Sweet indulgence after a walk from the vehicle that had stretched through the morning and past midday.

As one leaves the wilderness the blemishes made by people and their doings will slowly begin to appear and the richness of the bush will be diluted. But until that happens, there is still much to enjoy. With the going relatively easy along our old tracks and the pace slowed by reluctance, there is time for such exploration of those “wonder what’s down there” spots that were passed on the way in.

I especially love those check-it-out strolls around the camp area on the mornings or afternoons when there is no urgency to get going. In the afternoons the type of bush, the proximity of water, the sounds, the smells, the signs of predators and ungulates hint at what might be expected during the night, and gives a “feel” for the status quo of the place.
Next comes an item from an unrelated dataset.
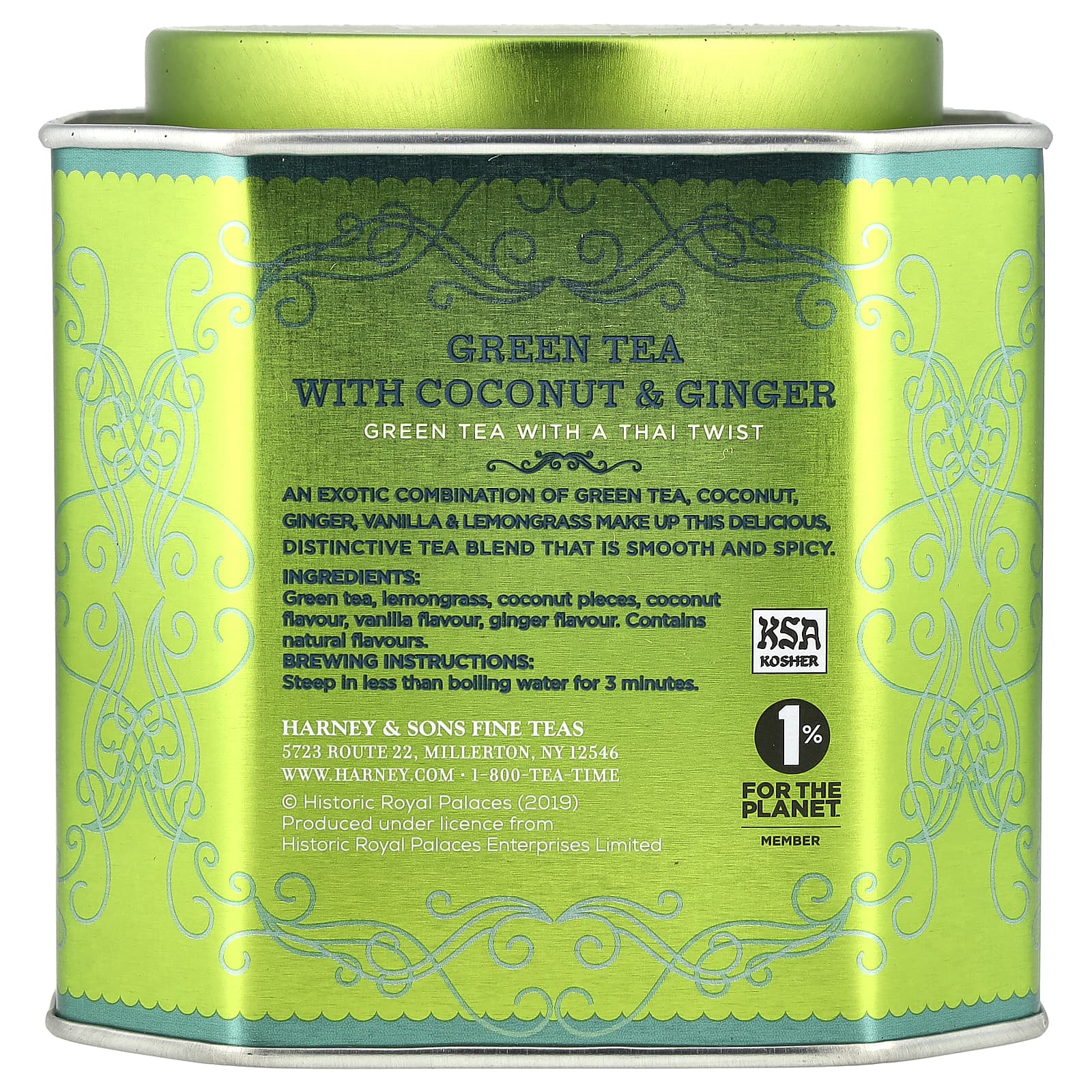 Harney & Sons, зеленый чай с кокосом, имбирем и ванилью, 30 пакетиков, 75 г (2,67 унции)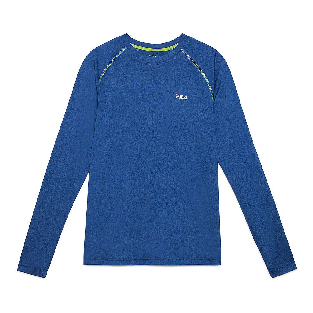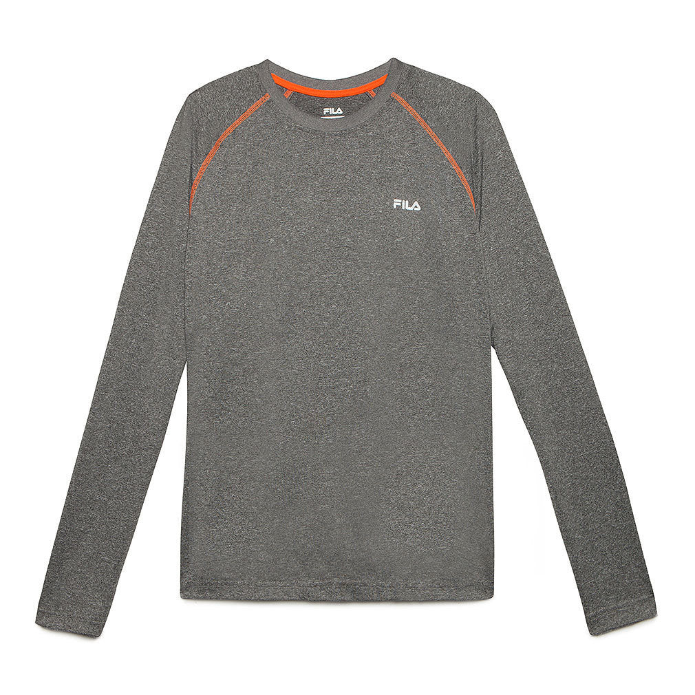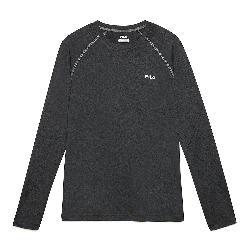 Stretch heather jersey: 96% polyester / 4% spandex. Silver heat transfer FILA logo. Contrast color coverstitching on raglan seams and neck tape.

The mornings show (some) of what one had missed during the hours of darkness – tracks, droppings, urine patches, marks on trees that had not been there in the afternoon.

Often neither the afternoons nor the mornings offer anything exciting, but then there are always the plants and the insects. I don’t know them as well as I do the animals and I don’t know either  nearly as well as I would like to,  but their variety and abundance is astonishing and they are fascinating to watch, even though, through my ignorance, I probably miss most of what is going on.

Plants and insects, especially the latter because they are small, tend to go largely unnoticed for most visitors to wilderness areas. They tend to disappear into “the scenery.” But in reality, plants and insects hold fascinating secrets that would fill many volumes. For me, just being aware of the richness of their worlds is humbling.

Take just for example anthills, of which one might pass hundreds, even thousands on a journey, even along main roads. Their outward simplicity belies the complexity of their construction so that they ventilate and keep cool the vast labyrinths that permeate them and the earth below them, and the exemplary (to us humans) refinement of their occupants, who, without leaders, divide labour, cooperate and  work tirelessly and efficiently to sustain millions of individuals and ensure the survival of their society and their species. To stand beside one and, without being able to see, but being aware of, albeit without fully understanding what is happening right next to you is an enriching experience.

The same is true  for so many other insects, and plants, of whose world we mostly understand very little.